> _Exercise brief_:
All that is wanted is a word-for-word copy of the line with "Easter egg hunt, child" and every line after it in the data below.

[Entries taken from a collection]
----
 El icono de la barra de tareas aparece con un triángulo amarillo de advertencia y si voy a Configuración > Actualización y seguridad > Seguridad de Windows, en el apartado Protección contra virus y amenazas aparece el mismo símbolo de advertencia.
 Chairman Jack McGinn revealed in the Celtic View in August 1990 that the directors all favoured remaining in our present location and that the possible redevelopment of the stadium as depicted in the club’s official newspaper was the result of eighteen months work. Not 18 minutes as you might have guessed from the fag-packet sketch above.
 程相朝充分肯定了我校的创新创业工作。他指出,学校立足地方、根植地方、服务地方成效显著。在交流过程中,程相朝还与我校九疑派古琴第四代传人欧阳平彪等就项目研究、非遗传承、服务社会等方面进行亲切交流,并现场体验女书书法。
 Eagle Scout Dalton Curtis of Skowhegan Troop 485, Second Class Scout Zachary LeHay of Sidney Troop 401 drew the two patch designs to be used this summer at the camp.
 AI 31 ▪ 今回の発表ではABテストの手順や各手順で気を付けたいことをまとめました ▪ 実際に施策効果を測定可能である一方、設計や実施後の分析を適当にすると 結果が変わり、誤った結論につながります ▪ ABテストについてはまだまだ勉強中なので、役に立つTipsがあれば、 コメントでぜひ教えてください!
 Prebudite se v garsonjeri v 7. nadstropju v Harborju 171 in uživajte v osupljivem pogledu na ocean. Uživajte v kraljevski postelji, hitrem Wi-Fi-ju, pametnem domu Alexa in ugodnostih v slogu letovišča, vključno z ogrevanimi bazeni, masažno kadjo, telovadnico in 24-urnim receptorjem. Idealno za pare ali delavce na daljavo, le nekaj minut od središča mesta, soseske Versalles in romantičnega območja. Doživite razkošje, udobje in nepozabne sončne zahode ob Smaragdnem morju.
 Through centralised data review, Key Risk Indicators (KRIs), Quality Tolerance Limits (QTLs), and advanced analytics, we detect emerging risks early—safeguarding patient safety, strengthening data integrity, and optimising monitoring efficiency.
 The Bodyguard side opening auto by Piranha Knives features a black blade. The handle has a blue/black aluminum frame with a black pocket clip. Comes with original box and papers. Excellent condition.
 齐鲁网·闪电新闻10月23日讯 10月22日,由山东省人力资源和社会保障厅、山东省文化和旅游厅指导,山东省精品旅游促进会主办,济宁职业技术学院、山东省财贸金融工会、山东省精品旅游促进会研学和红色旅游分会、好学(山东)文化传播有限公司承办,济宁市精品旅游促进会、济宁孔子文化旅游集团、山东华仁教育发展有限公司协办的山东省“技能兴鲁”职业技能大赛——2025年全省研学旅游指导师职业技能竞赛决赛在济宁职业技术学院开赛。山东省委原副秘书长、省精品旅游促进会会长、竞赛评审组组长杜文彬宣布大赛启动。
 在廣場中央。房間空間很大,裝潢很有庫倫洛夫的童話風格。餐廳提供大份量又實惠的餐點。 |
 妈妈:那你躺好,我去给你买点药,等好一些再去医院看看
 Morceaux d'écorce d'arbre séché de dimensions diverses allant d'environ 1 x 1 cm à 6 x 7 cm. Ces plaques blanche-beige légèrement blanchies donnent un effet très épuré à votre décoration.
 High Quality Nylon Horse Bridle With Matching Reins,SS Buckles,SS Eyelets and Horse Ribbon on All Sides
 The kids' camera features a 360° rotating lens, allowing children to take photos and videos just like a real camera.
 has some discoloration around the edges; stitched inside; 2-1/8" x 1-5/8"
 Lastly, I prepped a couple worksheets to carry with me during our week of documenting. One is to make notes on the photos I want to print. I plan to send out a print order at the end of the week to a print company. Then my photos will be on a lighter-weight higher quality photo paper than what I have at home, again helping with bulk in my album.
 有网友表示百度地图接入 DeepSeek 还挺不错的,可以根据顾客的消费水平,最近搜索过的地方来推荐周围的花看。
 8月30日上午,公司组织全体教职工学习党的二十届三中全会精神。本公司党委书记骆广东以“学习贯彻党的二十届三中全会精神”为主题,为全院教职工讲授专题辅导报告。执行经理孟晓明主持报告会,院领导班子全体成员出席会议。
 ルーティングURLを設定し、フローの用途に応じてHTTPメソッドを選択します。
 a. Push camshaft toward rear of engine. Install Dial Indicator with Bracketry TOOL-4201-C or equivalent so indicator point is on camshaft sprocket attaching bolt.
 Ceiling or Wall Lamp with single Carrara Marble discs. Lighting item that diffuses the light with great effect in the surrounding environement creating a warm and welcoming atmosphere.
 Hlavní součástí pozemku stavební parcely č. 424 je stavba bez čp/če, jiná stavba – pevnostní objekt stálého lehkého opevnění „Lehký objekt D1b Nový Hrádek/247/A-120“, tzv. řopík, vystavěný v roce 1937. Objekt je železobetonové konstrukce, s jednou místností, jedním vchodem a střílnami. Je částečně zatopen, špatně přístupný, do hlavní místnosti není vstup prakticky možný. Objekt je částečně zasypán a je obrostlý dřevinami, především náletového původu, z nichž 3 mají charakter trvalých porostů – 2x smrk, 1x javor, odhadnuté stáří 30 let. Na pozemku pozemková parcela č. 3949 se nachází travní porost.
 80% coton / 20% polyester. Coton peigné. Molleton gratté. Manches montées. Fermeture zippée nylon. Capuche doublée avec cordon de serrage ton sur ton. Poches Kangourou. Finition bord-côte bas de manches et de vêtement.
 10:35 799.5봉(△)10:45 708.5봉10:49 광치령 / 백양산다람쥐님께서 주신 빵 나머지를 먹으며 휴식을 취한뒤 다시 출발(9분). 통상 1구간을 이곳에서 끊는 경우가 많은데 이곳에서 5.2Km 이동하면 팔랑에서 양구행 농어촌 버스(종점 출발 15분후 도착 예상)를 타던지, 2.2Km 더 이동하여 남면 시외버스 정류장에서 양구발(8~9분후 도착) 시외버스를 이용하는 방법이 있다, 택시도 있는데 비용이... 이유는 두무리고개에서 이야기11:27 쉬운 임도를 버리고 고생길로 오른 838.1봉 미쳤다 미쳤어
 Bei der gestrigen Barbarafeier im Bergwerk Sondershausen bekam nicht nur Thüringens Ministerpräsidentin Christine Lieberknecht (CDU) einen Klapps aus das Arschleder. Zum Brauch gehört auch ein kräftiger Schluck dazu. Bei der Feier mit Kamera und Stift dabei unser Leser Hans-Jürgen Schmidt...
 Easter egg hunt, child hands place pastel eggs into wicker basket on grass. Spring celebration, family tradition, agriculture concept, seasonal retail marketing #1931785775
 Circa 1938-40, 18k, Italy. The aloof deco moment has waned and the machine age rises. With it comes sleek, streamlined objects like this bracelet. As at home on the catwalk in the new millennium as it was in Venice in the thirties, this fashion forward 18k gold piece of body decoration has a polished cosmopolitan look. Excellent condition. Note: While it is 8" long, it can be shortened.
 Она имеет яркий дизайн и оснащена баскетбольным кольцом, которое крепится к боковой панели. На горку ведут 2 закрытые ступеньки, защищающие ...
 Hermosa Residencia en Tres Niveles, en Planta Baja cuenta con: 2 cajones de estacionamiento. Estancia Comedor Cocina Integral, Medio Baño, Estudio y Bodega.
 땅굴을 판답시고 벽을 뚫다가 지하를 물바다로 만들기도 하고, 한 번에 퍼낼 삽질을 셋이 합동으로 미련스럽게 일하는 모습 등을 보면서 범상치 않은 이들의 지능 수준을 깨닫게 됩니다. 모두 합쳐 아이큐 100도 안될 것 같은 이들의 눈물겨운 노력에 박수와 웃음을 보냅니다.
----
> _Result of the task_:
 Easter egg hunt, child hands place pastel eggs into wicker basket on grass. Spring celebration, family tradition, agriculture concept, seasonal retail marketing #1931785775
 Circa 1938-40, 18k, Italy. The aloof deco moment has waned and the machine age rises. With it comes sleek, streamlined objects like this bracelet. As at home on the catwalk in the new millennium as it was in Venice in the thirties, this fashion forward 18k gold piece of body decoration has a polished cosmopolitan look. Excellent condition. Note: While it is 8" long, it can be shortened.
 Она имеет яркий дизайн и оснащена баскетбольным кольцом, которое крепится к боковой панели. На горку ведут 2 закрытые ступеньки, защищающие ...
 Hermosa Residencia en Tres Niveles, en Planta Baja cuenta con: 2 cajones de estacionamiento. Estancia Comedor Cocina Integral, Medio Baño, Estudio y Bodega.
 땅굴을 판답시고 벽을 뚫다가 지하를 물바다로 만들기도 하고, 한 번에 퍼낼 삽질을 셋이 합동으로 미련스럽게 일하는 모습 등을 보면서 범상치 않은 이들의 지능 수준을 깨닫게 됩니다. 모두 합쳐 아이큐 100도 안될 것 같은 이들의 눈물겨운 노력에 박수와 웃음을 보냅니다.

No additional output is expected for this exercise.